Figure 4: Comparison between experimental, shown on the left, and simulation results, shown on the right, after 9.5 h. The experiments were performed in triplicates; Location of the mine cells: row 2 - third colony from left to right, row 3 - fifth colony from left to right, row 4 - fourth colony from left to right.
Figure 5: Comparison between experimental, shown on the left, and simulation results, shown on the right, after 11 h. The experiments were performed in triplicates; Location of the mine cells: row 2 - third colony from left to right, row 3 - fifth colony from left to right, row 4 - fourth colony from left to right.


From figures 2-5 we can conclude that experimental results and model predictions are in good agreement. Moreover, previous observations about activation by complex LuxR/AHL and time scales (OHHL Reaction-Diffusion) are consistent with this findings.

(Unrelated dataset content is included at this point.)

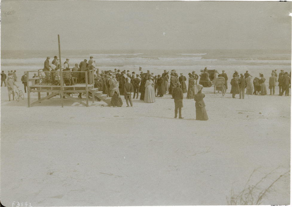 View of judges' stand and spectators on beach during the 1908 Ormond-Daytona races in Florida. Stamped on back: "Photo by N. Lazarnick, 29 West 42nd Street, New York." Handwritten on back: "View of the beach at Ormond. Races and racing--Ormond-Daytona, 1908."

At 5.5 hours, there is non-differencial activation by LuxR/AHL complex which can be visualized as non-differential expression of GFP. At 6.5 hours, we start to see some differential expression of GFP related to the number of neighbouring mine colonies. Finally, after 11 hours, it is possible to clearly distinguish between 0, 1 and 2 neighbouring mines by GFP intensity. However, the difference in fluorescence in the case of 2 and 3 neighbouring mines, it is not significant. Hence, we decide to move to a three neighbours setup; removing the internal colony in the hexagonal grid and restrict to a maximum of 2 neighbouring mines. Based on figure 6, we can also confirmed that the experimental results and model predictions are consistent; we are showing the time points only for the exponential growth (view). The experimental data was obtained by image analysis.


Figure 6: Experimental validation of the model GFP fluorescence over time.
Figure 7: AHL concentration gradient established by a single mine colony after 11 hours and radial direction, 2D model.

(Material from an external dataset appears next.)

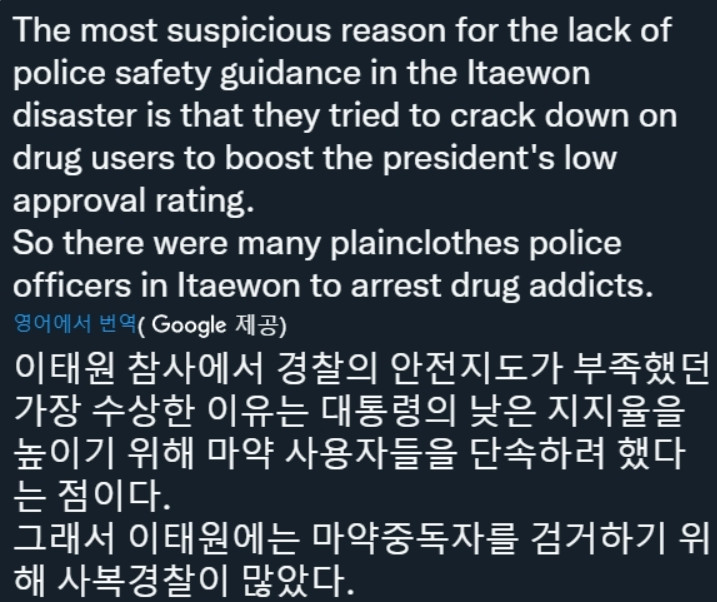 공안정국과 검찰수사권을 다시 가져오기 위한 작업이 필요했고 첫번째로 윤석열, 한동훈은 최근 마약청정국이 아니다면서 열변을 토해 왔고 이태원참사 전날 28일 마약 검사키트를 대량 구매한 증거가 나왔다.

Results: Model incorporating AHL inhibition

From figures 8 and 9, we can conclude that although AHL gradient is significantly different, the output is robust.

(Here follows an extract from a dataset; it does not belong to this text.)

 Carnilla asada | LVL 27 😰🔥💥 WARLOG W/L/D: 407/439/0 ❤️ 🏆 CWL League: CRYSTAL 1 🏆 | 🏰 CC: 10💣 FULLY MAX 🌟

Figure 8: Averaged AHL concentration over time at receiver colonies with 0, 1, 2 or 3 neighbouring mine colonies, in μM. Distance between colonies: 1.5 cm. Dotes: Model with AHL inhibition $K_I = 1 \mu M$. Solid Lines: Model without AHL inhibition.
Figure 9: Averaged GFP concentration over time produced by a receiver colonies depending on number of neighbouring cell, in μM. Dotes: Model with AHL inhibition $K_I = 1 \mu M$. Solid Lines: Model without AHL inhibition.